Any watch where the 24H or ‘home time’ indication is on the dial is mechanically similar in the abstract to placing the GMT hand bottommost, because the bottommost hand is the one adjacent to the dial. Examples include the Rolex Sky-Dweller and the VC Harmony Dual Time.
Vacheron Constantin Harmony Dual Time in two sizes. The hour hand is an IAHH while the subdials all indicate ‘home time’.
In the ‘hidden’ home time hands of Patek Travel Time watches, the Tonda PF GMT Rattrapante, etc., it is desirable that the IAHH is higher in the stack, so that, when back home, the differently-colored ‘home time’ hand is the one covered by the normal-colored IAHH.
The upshot is that there is no ‘right’ GMT hand stack. It depends on the design objectives.
Patek Philippe’s characteristic pusher-style interface for adjusting the hours is already apparent in Louis Cottier’s 1959 patent below, in figure 4. The 12-toothed pinion and a very delicate-looking jumper spring are drawn in figure 2.
Swiss patent 340191 for Cottier’s push button travel time mechanism. Image from Collectability
In 2017, the firm offered the ref. 5650 Aquanaut Travel Time Advanced Research, with a compliant mechanism to replace many small parts of the pusher system. By comparing the photo below with Cottier’s 70-year old diagram, one can see where the ‘claws’ of the new part engage.
Of this part, which Jack Forster dubbed the ‘crab’, he wrote (hyperlink aded by me):
The level of precision required probably could not be achieved with classical methods – the clearance between the leaf springs, where they form an "x," is only 150 microns – but the whole thing is hand-finished (which must have been, given the configuration of the mechanism, and to put it colloquially, a royal pain in the ass for whomever had to do it) and it looks very cool as well. It has a kind of intuitive appeal; almost no one could imagine such a thing but the basic principle, and construction, seem obvious and self-evident when you see it working. The easiest way to understand how it works is to watch this little short
Considering that this same 2017 watch also debuted a new inner terminal curve of the Spiromax hairspring and a new accuracy spec of -1/+2 s/day, I think it is fair to say that that the watch was a deliberate pairing of accuracy-enhancement with accuracy-preservation (with a dollop of convenience).
Aquanaut Travel Time Advanced Research ref. 5650G. The IAHH is the ‘travel time’ hand while ‘home time’ is skeletonized to tuck underneath it.
Complicating complications
An IAHH is simple enough in concept, but what about IAHH with (local) date (such as the preceding Aquanaut)?

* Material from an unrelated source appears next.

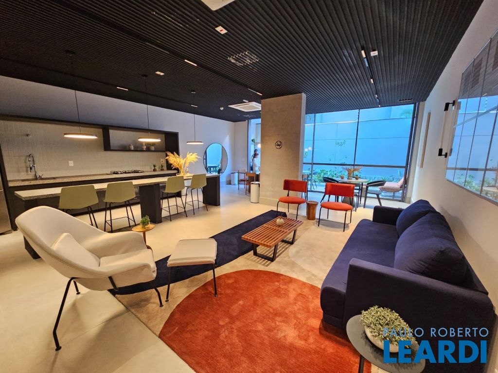 Uma torre com apartamentos de 32 a 34 m² com um suíte e de 66 m² com duas suítes e duas vagas Áreas Comuns Lobby Lounge Externo Espaço Gourmet Piscina Sauna Massagem Projeto arquitetônico moderno, que traduz o novo momento da cidade, onde mobilidade e facilidade de integração com o bairro e arredores demonstram o novo estilo de vida inteligente que o morador de uma cidade cosmopolita como São Paulo merece. Luz natural abundante, aconchegante e que traz amplitude, graças aos caixilhos e às janelas em dimensões generosas, planejados para uma localização única e privilegiada. Além disso, você tem lazer completo e serviços pay per use. Lazer é uma parte fundamental do projeto. Claris oferece tudo o que você espera para se sentir bem no seu tempo livre. Pode desfrutar à vontade. Serviços Pay Per Use. Oferecendo o máximo para sua conveniência. Viver no Claris é ter muito mais conforto, facilidade e qualidade em todos os momentos, para economizar tempo e ter muito mais tranquilidade. LOCALIZAÇÃO Tudo o que você mais gosta e precisa a poucos metros, sem necessitar se locomover de carro. Av. Cotovia Starbucks R. Normandia Ofner Metrô Eucaliptos La Nonna di Lucca La Pasta Gialla Igreja Nossa Senhora Aparecida Bar do Alemão Aoyama Av. Ibirapuera Av. Hélio Pellegrino Frutaria Parques da Bicicletas Shopping Ibirapuera0311

Any IAHH-and-date movement must satisfy three requirements:
forwards adjustment of the hour past midnight must increment the date;
backwards adjustment past midnight must decrement it; and
adjustment at all possible positions of the hour and minute hand should be allowed.
Date mechanisms designed only to advance the day, or which rely on an extended period of time advance to load the date jumper, or movements which are compromised by the variability of resistance transmitted to the gear train, will be insufficient.
Omega has long provided bidirectional IAHH with date mechanically. So have the longstanding GMT calibers of Rolex, Omega, Glashutte Original, Grand Seiko, Oris, etc. But this does not mean there is no room for mechanical improvement.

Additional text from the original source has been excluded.